**Assignment**
Exactly the lines from the one containing "A protein-rich wrap" through the one containing "3/25/26. LIMITS OF" in the listing below are to be copied, with the pictures left out.

**Exercise materials**
•••
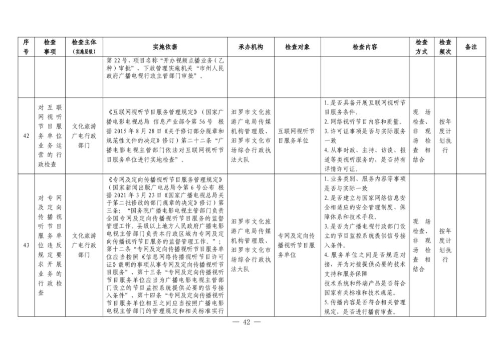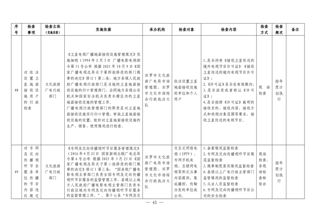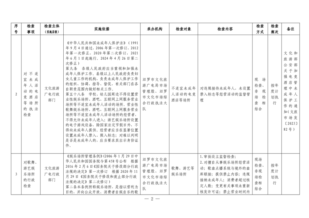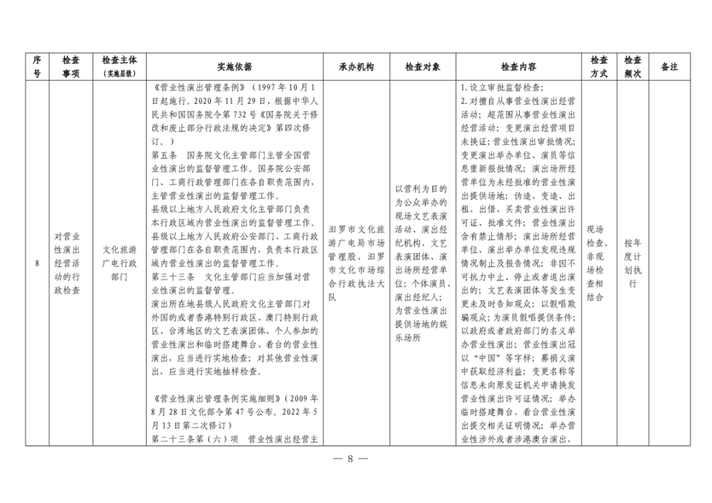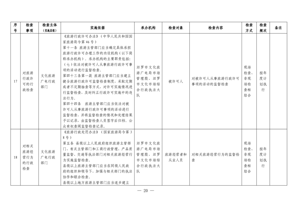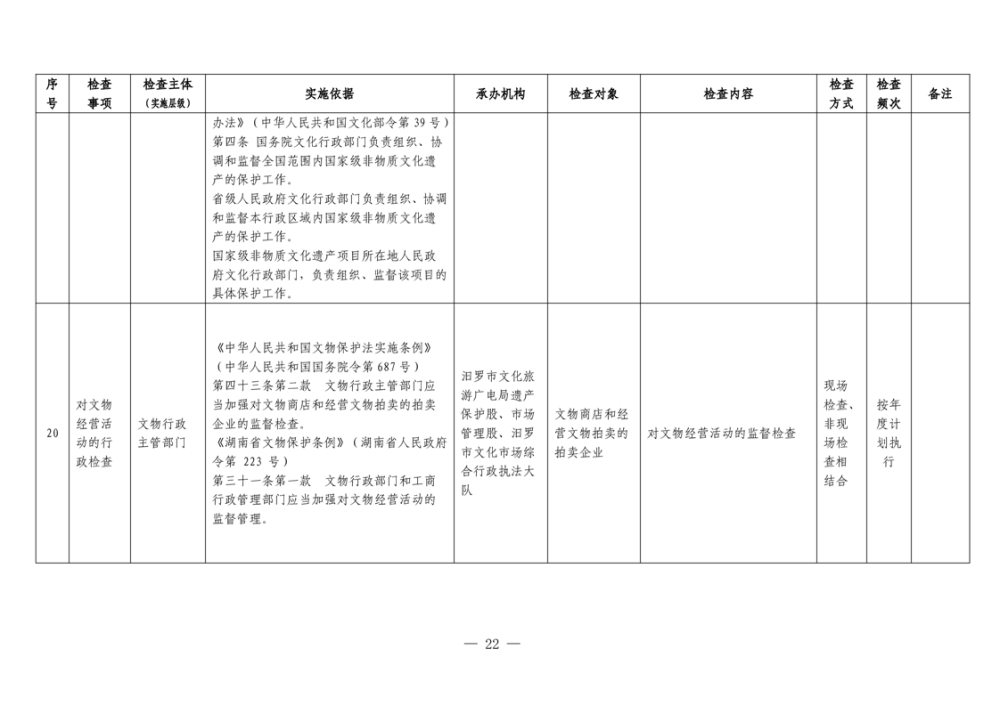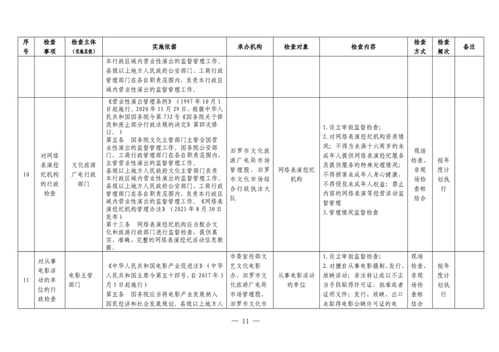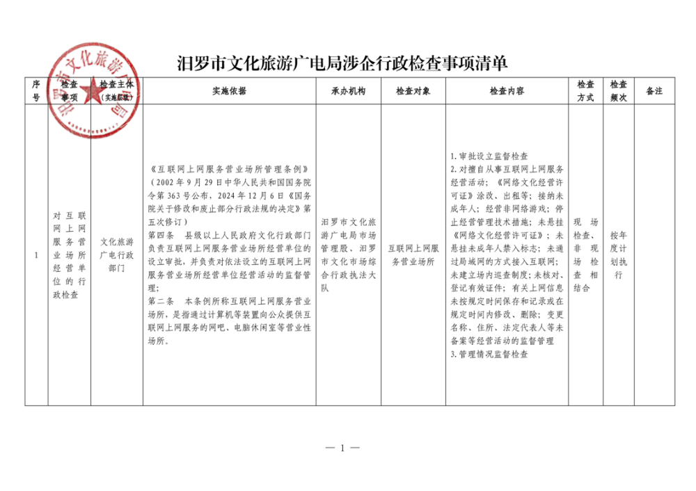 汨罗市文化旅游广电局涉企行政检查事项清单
•••
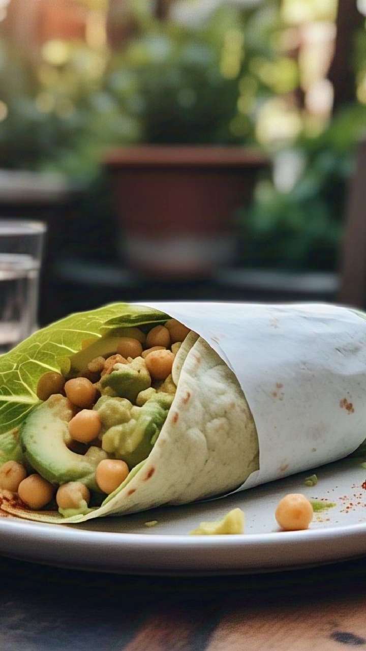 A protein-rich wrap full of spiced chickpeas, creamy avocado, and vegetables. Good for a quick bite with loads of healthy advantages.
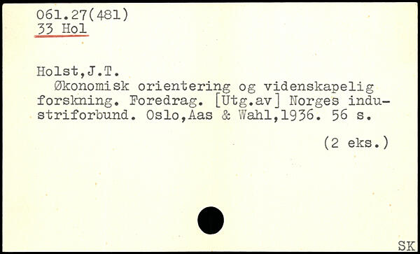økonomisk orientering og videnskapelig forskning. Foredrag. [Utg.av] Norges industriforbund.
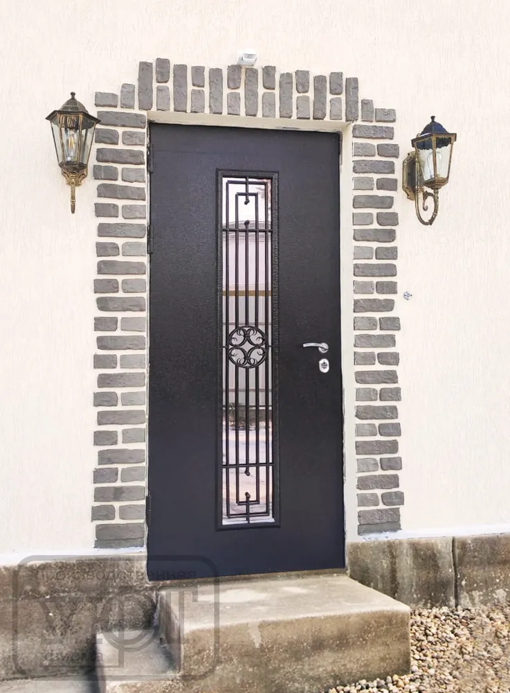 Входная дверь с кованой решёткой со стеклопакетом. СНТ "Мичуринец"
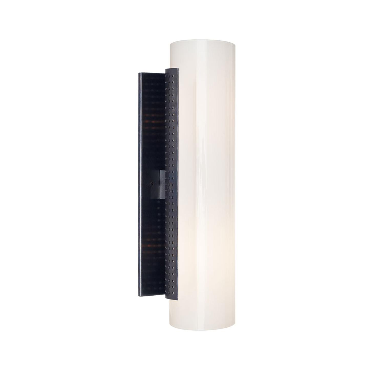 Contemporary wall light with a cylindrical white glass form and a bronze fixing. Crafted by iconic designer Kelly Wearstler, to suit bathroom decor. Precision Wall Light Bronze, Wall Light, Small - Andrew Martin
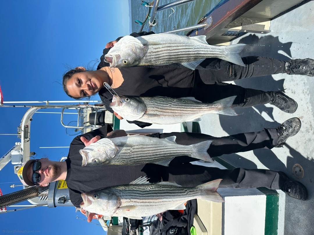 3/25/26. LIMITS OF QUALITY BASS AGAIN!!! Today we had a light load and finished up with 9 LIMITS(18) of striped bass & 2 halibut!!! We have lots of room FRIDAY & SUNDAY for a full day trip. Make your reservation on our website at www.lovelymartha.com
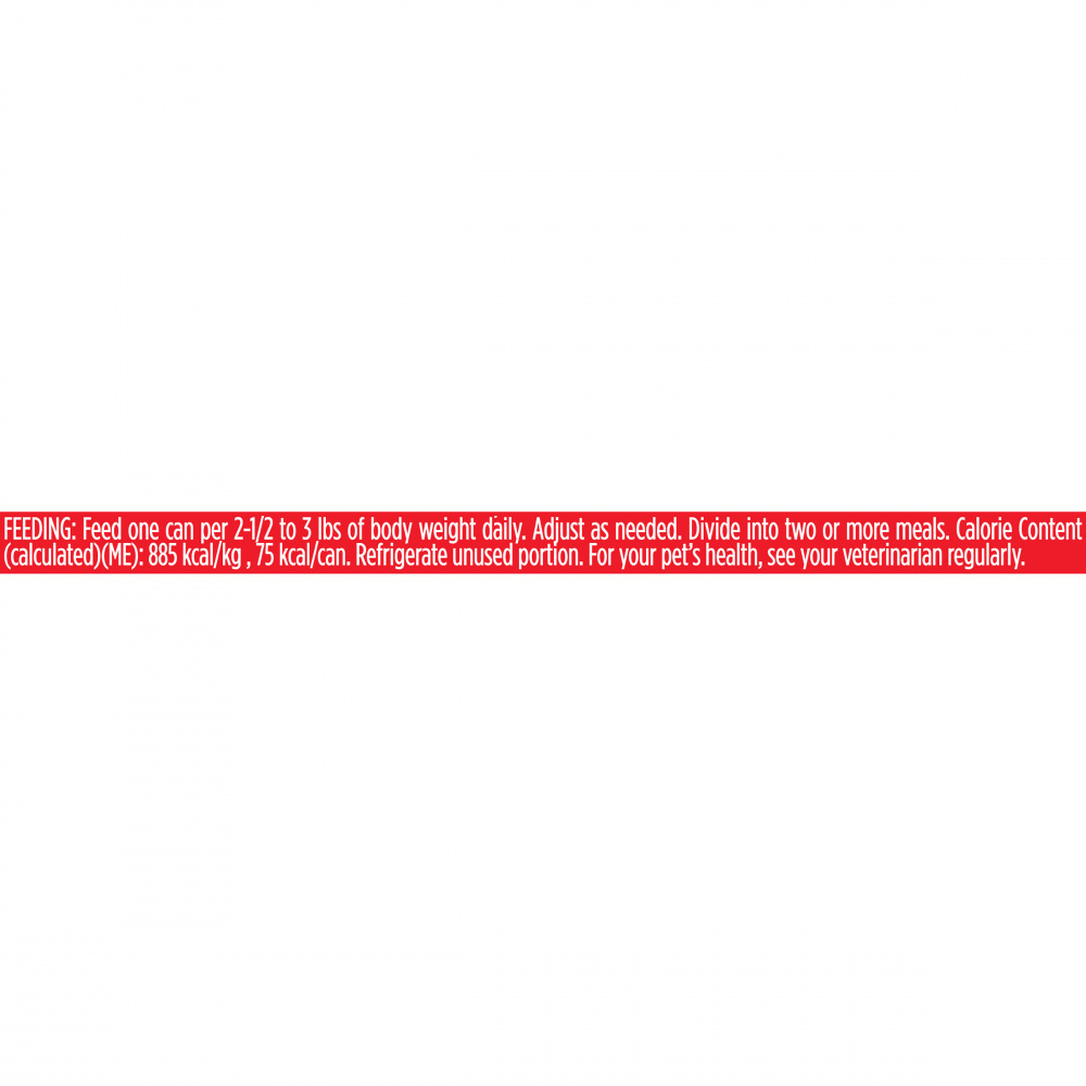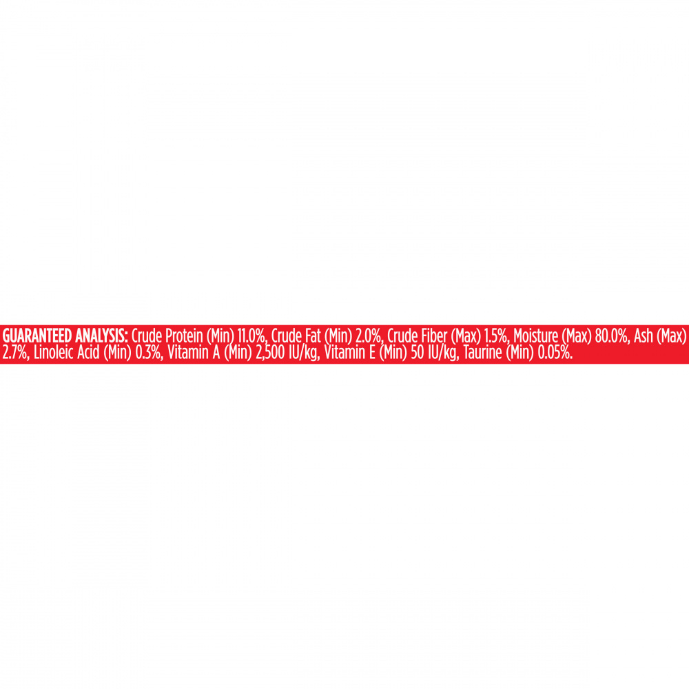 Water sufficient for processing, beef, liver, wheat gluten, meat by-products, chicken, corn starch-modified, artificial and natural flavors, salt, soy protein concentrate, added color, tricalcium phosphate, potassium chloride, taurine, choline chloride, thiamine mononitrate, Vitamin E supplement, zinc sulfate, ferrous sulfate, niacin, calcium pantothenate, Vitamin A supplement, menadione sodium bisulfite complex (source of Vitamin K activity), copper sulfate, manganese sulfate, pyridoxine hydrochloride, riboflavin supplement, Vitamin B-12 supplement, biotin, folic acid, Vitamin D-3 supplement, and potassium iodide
•••
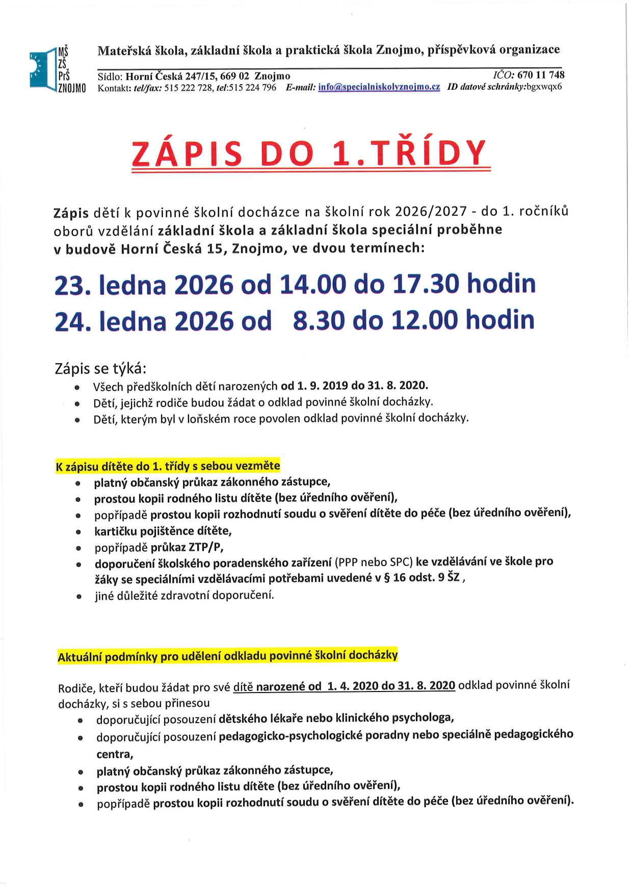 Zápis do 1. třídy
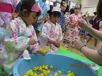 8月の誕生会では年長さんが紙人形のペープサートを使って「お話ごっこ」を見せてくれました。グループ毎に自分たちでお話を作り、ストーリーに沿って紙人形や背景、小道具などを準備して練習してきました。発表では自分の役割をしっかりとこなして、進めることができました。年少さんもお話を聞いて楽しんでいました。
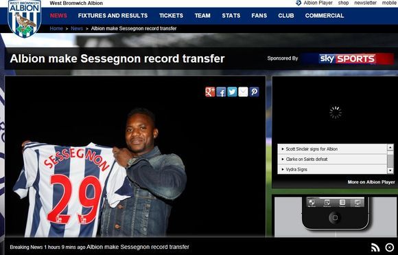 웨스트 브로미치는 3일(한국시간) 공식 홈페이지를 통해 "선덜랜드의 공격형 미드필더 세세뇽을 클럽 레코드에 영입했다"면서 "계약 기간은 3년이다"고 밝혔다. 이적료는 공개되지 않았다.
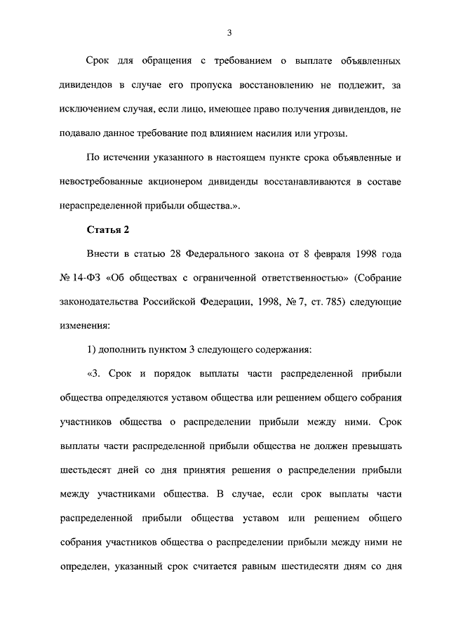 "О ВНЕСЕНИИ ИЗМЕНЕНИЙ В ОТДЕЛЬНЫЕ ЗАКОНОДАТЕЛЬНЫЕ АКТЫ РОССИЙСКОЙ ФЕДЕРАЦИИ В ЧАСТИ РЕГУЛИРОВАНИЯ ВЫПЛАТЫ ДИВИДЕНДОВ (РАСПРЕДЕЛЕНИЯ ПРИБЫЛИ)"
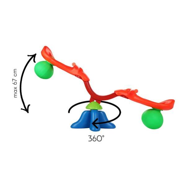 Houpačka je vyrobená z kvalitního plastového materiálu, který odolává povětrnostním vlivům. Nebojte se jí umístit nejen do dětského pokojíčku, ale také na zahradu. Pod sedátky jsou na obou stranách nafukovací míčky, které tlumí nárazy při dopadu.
•••
**Answer to this exercise**
 A protein-rich wrap full of spiced chickpeas, creamy avocado, and vegetables. Good for a quick bite with loads of healthy advantages.
økonomisk orientering og videnskapelig forskning. Foredrag. [Utg.av] Norges industriforbund.
 Входная дверь с кованой решёткой со стеклопакетом. СНТ "Мичуринец"
 Contemporary wall light with a cylindrical white glass form and a bronze fixing. Crafted by iconic designer Kelly Wearstler, to suit bathroom decor. Precision Wall Light Bronze, Wall Light, Small - Andrew Martin
 3/25/26. LIMITS OF QUALITY BASS AGAIN!!! Today we had a light load and finished up with 9 LIMITS(18) of striped bass & 2 halibut!!! We have lots of room FRIDAY & SUNDAY for a full day trip. Make your reservation on our website at www.lovelymartha.com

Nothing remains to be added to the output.